U.S. Economy Added Jobs in August But Unemployment Rate Ticked Up to 3.7 Percent 

0

The U.S. economy added 315,000 jobs in August – fewer than analysts had expected – and the unemployment rate increased to 3.7%, according to the U.S. Bureau of Labor Statistics.

Notable job gains occurred in professional and business services, healthcare, and retail trade.

The number of unemployed persons increased by 344,000 to 6.0 million. Among the unemployed, the number of permanent job losers increased by 188,000 to 1.4 million.

The number of long-term unemployed – those jobless for 27 weeks or more – was little changed at 1.1 million. The long-term unemployed accounted for 18.8% of all unemployed persons.

The labor force participation rate increased by 0.3 percentage point to 62.4%. This is 1.0 percentage point below its February 2020 level.

Wages continued to rise – but at nowhere near the rate of inflation. In August, average hourly earnings for all employees on private non-farm payrolls rose by 10 cents, or 0.3%, to $32.36. 

Over the past 12 months, average hourly earnings have increased by 5.2%.

In August, average hourly earnings of private-sector production and nonsupervisory employees rose by 10 cents, or 0.4%, to $27.68.

Odeta Kushi, deputy chief economist for First American, says although job gains in August fell short of expectations and the unemployment rate inched up, the labor market remains strong.

“The prime-age labor force participation rate increased from 82.4 percent to 82.8 percent, reaching its highest point since right before the pandemic hit in February 2020, which signals that people are returning to the labor force,” Kushi says in a statement. “And they’re returning to a still strong labor market. The July Job Openings and Labor Turnover Survey (JOLTS) report revealed that job openings increased to 11.2 million, while hires fell to 6.4 million, indicating a continuing mismatch between labor supply demand. Two jobs for every unemployed person is a sign of a tight labor market.”

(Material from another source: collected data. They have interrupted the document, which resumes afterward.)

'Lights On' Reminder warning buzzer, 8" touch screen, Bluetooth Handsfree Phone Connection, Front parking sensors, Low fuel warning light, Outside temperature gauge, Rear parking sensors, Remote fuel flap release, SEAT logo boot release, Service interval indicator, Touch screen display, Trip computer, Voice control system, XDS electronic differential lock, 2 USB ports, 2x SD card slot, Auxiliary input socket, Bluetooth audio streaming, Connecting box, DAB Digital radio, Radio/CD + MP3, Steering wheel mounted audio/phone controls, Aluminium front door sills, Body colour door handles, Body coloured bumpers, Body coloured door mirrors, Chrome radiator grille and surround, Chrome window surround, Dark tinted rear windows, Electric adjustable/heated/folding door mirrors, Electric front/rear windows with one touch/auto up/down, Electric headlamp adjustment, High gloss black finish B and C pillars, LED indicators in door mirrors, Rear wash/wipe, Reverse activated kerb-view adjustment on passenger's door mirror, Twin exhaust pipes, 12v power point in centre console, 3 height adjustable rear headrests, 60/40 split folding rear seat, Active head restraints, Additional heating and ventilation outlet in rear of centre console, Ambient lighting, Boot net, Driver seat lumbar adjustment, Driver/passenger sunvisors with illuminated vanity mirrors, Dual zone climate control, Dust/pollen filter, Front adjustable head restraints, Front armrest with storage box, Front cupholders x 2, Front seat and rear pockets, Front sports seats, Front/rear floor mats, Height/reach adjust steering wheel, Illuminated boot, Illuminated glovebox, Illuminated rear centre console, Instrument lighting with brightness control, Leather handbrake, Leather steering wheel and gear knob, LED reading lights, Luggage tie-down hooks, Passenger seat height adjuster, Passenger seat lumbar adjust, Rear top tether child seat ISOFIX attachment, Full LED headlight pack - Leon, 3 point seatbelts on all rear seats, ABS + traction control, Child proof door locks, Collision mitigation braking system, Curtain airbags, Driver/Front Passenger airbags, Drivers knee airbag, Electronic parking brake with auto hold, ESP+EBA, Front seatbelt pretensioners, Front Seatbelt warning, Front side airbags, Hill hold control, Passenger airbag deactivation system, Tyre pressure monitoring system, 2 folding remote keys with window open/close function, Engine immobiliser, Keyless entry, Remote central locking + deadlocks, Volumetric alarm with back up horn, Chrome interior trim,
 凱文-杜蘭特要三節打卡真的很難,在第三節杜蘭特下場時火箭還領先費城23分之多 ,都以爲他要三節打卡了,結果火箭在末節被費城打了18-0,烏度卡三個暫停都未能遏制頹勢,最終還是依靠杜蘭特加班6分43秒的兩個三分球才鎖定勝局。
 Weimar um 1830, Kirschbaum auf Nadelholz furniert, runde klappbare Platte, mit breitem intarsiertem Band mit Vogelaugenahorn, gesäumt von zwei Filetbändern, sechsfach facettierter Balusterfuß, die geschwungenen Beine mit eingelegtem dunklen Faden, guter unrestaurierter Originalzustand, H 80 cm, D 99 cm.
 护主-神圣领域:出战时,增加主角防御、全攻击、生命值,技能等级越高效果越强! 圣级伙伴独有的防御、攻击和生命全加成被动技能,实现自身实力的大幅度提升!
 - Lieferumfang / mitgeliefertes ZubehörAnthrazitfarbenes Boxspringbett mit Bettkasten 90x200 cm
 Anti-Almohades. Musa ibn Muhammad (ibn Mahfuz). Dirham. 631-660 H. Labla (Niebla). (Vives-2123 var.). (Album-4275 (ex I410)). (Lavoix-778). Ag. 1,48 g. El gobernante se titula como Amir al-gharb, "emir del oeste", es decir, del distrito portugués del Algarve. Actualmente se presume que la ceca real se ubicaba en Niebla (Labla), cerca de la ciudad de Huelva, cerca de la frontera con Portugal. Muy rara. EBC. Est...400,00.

“Late July/early August pulse survey data shows the share of prime-age adults who reported that their reason for not working was ‘caring for children not in school/daycare’ ticked up to 17%, the highest level since July 2021,” Kushi says. “As kids return to school in the fall, this share is likely to decline. More workers in the labor force could help to narrow the gap between labor demand supply, and ultimately slow the pace of wage growth.”

The residential construction sector only picked up 2,300 jobs in August, while non-residential construction only picked up 700.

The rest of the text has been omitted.